Working Papers

  • Ambiguity and the Cross Section of Stock Returns (with M. G. Cevheroğlu-Açar)
    We examine the effect of ambiguity exposure on the cross-section of stock returns in the US equity market. In order to quantify ambiguity, we use a recently-developed methodology that measures ambiguity by perturbations in uncertain probabilities, and aversion to ambiguity by aversion to mean-preserving spreads in these probabilities. We find that there is a left-skewed U-shape association between ambiguity exposure and expected returns. More specifically, results show that expected returns increase as absolute ambiguity exposure increases but the absolute effect of the positive exposure is larger than the absolute effect of negative exposure. U-shape trend is essentially the same when controlling for widely known cross-sectional predictors, other ambiguity proxies, different holding and formation periods, and different states of the economy and financial markets. Overall, our results provide substantial empirical evidence that indicates that ambiguity is priced in stock returns. Further tests show that fundamental features like cash flow variance, intangible returns, ad expenses among others might be the channel of influence shaping the stock returns' idiosyncratic ambiguity, hence their relationship with the uncertainty in the market.
     
  • Index Futures Mispricing and Ambiguity (with H. Bahcivan)
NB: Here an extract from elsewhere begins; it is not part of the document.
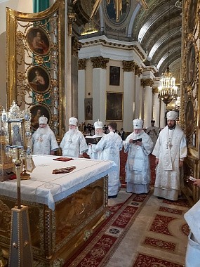 Его Высокопреосвященству сослужили митрополит Новгородский и Старорусский Лев, наместник Александро-Невской лавры епископ Кронштадтский Назарий, епископ Тихвинский и Лодейнопольский Мстислав, епископ Гатчинский и Лужский Митрофан, ректор Санкт-Петербургской духовной академии епископ Петергофский Силуан, настоятель храма святителя Иоанна Милостивого в г. Отрадное протоиерей Василий Стойков, настоятель Троицкого собора г. Подольска протоиерей Александр Ганаба, почетный настоятель Троицкого храма поселка Назарьево Одинцовского района Московской области архимандрит Нестор (Жиляев), духовенство обители и Санкт-Петербургской митрополии, гости в священном сане.

    Present paper empirically unveils the effect of having multiple priors on mispricing in the market where mean-variance optimization and Bayesian approach do not have any say. We show that the level of mispricing in S&P500 E-Mini futures contracts is also linked to the degree of prevailing market ambiguity. Crucial findings are in order. First, our study unearths how different levels of Knightian uncertainty impact the direction and level of mispricing in US futures markets. Second, profound analysis reveals asymmetric outlook for episodes of market euphoria and unrest. Third, we identify the primary channels through which the ambiguity permeates the market. Findings are robust to different ambiguity measurement techniques. Extant literature on marred prospects and market implications rests heavily on experimental data. This study expands thin ambiguity literature utilizing real market data.
     
  • Investigation of the Trade Durations with Autoregressive Conditional Duration Model: Evidence from Borsa Istanbul (with Ü. A. Baran)
    This paper investigates duration dynamics in Borsa  ̇Istanbul (BIST) stock exchange via Autoregressive Conditional Duration (ACD) model applied on time observed between consecutive trades. Investigation of a suitable error term specification reveals that Weibull ACD (WACD) model is the most appropriate choice of distribution. Applying WACD model on ten most widely traded stocks in the market documents cross sectional differences in the trade duration dynamics, where the level of duration clustering differs even among the most liquid stocks in the market. The duration dynamics in Borsa  ̇Istanbul are shown to be closer to developing market examples in market microstructure and intraday liquidity rather than the developed market ones.